Pweave -f texminted -c -d missing_chunk_test.texw
Traceback (most recent call last):
  File "/usr/local/bin/Pweave", line 9, in <module>
    load_entry_point('Pweave==0.23', 'console_scripts', 'Pweave')()
  File "/usr/local/lib/python2.7/dist-packages/Pweave-0.23-py2.7.egg/pweave/scripts.py", line 53, in weave
    pweave.weave(infile, **opts_dict)
  File "/usr/local/lib/python2.7/dist-packages/Pweave-0.23-py2.7.egg/pweave/__init__.py", line 69, in weave
    doc.weave(shell)
  File "/usr/local/lib/python2.7/dist-packages/Pweave-0.23-py2.7.egg/pweave/pweb.py", line 141, in weave
    self.run(shell)
  File "/usr/local/lib/python2.7/dist-packages/Pweave-0.23-py2.7.egg/pweave/pweb.py", line 109, in run
    runner.run()
  File "/usr/local/lib/python2.7/dist-packages/Pweave-0.23-py2.7.egg/pweave/processors.py", line 53, in run
    success = self._getoldresults()
  File "/usr/local/lib/python2.7/dist-packages/Pweave-0.23-py2.7.egg/pweave/processors.py", line 260, in _getoldresults
    executed.append(self._oldresults[i].copy())
IndexError: list index out of range
Makefile:14: recipe for target 'missing_chunk_test.tex' failed
make: *** [missing_chunk_test.tex] Error 1

I was assuming that the caching mechanism would notice the missing chunk, evaluate and cache it, then proceed. Is that the intended functionality?

@sgi3
Copy link

sgi3 commented Mar 9, 2015

I have the same problem, please fix this. The way it works now is that i have to cache all chunks again with Pweave -f texminted -c %.texw when adding a new chunk

@mpastell
Copy link
Owner

I don't have time to work on this at the moment. I agree that the implementation is not ideal, you're welcome to submit a pull request if you have a suggestion on how to fix it.

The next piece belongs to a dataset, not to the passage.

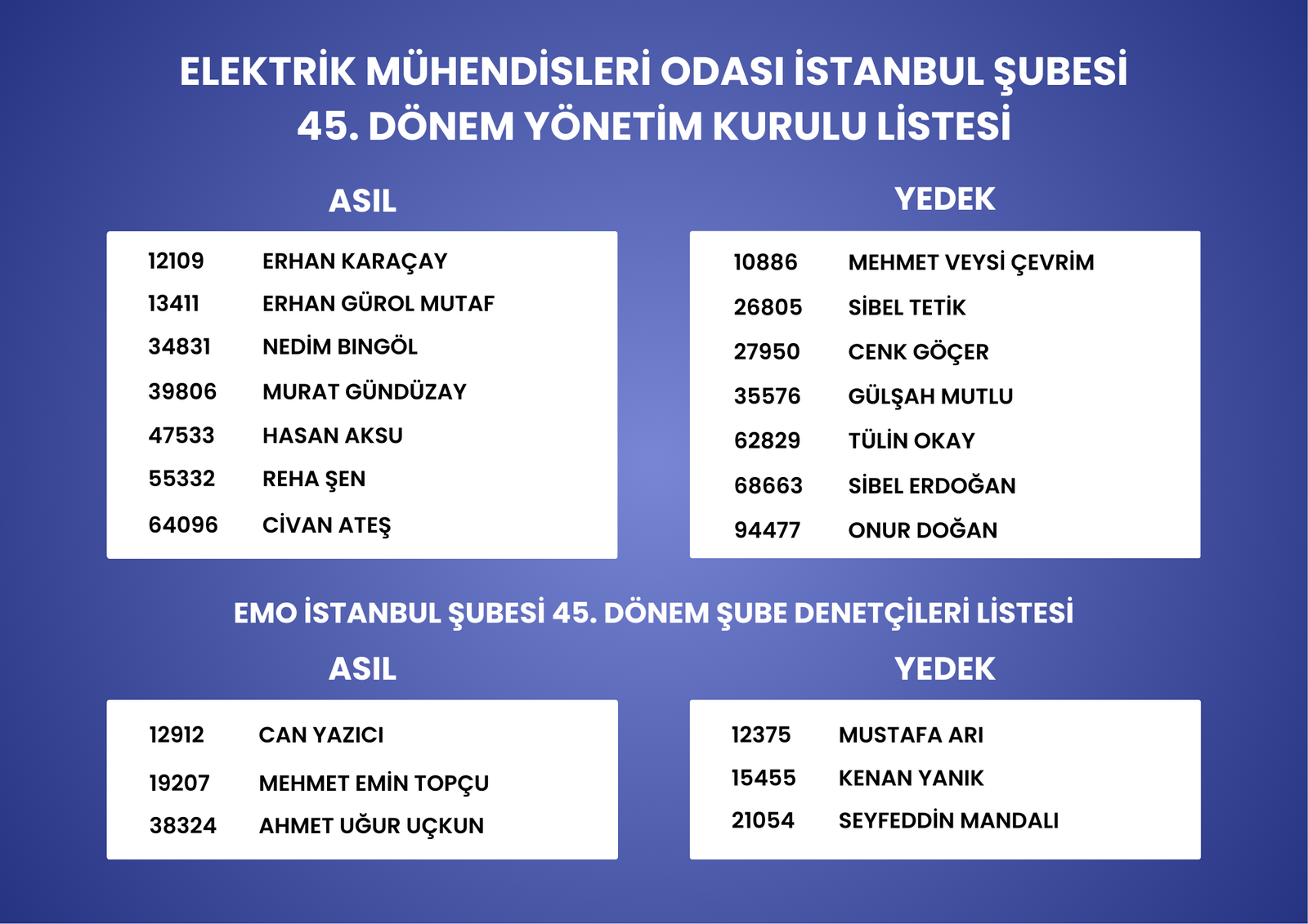 21-22 Şubat 2026 Tarihlerinde gerçekleşecek olan Elektrik Mühendisleri Odası İstanbul Şubesi Genel Kurul ve Seçimlerine Erhan KARAÇAY ile başlayan Demokrat Mühendisler – Mavi Liste olarak Katılıyoruz. Yeni dönem Çalışma Programımız ile Aday Listemize linkten ulaşabilir, sosyal medya vs üzerinden dostlarınızla paylaşabilir, demokratların en geniş birlikteliği olan listemize birlikte yönetmek adına destek olabilirsiniz.

Note that Pweave only caches input and output text and not Python objects, so if new chunks need the data from old ones there is no easy fix to this problem.

@brandonwillard
Copy link
Author

Gotcha. I’ve been making some small changes toward those ends,
so—hopefully—I’ll have a pull request for you.

On Tue, Mar 31, 2015 at 3:34 PM, Matti Pastell notifications@github.com
wrote:

I don't have time to work on this at the moment. I agree that the
implementation is not ideal, you're welcome to submit a pull request if you
have a suggestion on how to fix it.

Note that Pweave only caches input and output text and not Python objects,
so if new chunks need the data from old ones there is no easy fix to this
problem.


Reply to this email directly or view it on GitHub
#19 (comment).

@brandonwillard
Copy link
Author

Seems like one could simply bypass caching in documentation mode and use the caching magic in an IPython processor. A subclass of PwebIPythonProcessor that loads the extension and adds the magic before the self.IPy.run_* statements might do the trick.

@scfrank
Copy link

scfrank commented Aug 24, 2017

Has there been any activity on this?

I'd really appreciate chunk-level caching functionality, which seems like it would be closely related.
My use case: I have an increasingly long document with more and more pweave-generated figures, where I'd like to only have to recompile the one I'm currently working on.

Thanks for creating pweave! It's encouraged me to plot more graphs, which is always good :-)

@brandonwillard
Copy link
Author

I've been slowly taking a shot at improved caching (see here), but progress has been slow due to multiple competing interests. Namely, a desire to

  • fold inline chunks into the general chunk framework,
  • provide multi-line chunk options,
  • provide generalized caching
    • e.g. naive output-only caching that considers changes in buffer content/source and chunk settings,
  • make everything work almost entirely within the Jupyter ecosystem
    • every chunk evaluation engine is necessarily a Jupyter kernel
    • use of nbformat as the underlying parsed document format,
  • and provide precision Python-only caching
    • bytecode-aware caching, via the mechanics behind the with hack given here.

@mpastell
Copy link
Owner

@brandonwillard Those are multiple big changes that you are talking about. Please don't submit them as one pull request, but split it into separate ones.

Note:

  • Every chunk evaluation engine is already a Jupyter kernel
  • I don't see the benefit of using nbformat as the parsed document format, you can already use it for output.

I suggest you first do:

  • fold inline chunks into the general chunk framework
  • provide generalized caching e.g. naive output-only caching that considers changes in buffer content/source and chunk settings,

I have decided not to allow multi-line chunk options as it breaks editor support and I haven't seen a compelling need for it. If you can up with a proper implementation with tests I can accept it, but put it as separate pull request.

@brandonwillard
Copy link
Author

Oh, sorry, I hadn't done that work with a PR in mind; it was just a test branch that started with caching and turned into all sorts of stuff. If there's an interest in those latter two goals, I can separate them and make PRs. As for the nbformat idea, I can start an issue discussing my reasons.

@fgregg
Copy link

fgregg commented Apr 13, 2018

@brandonwillard how were you thinking of implementing save_chunk_state master...brandonwillard:caching-changes#diff-2747ccbd23b5ea3c1c42eb01071e5a6eR166

@brandonwillard
Copy link
Author

Ah, yeah, I left off with the idea of incrementally pickling the session in _[save|load]_chunk_state. This idea isn't all that efficient/feasible without, perhaps, an incremental approach.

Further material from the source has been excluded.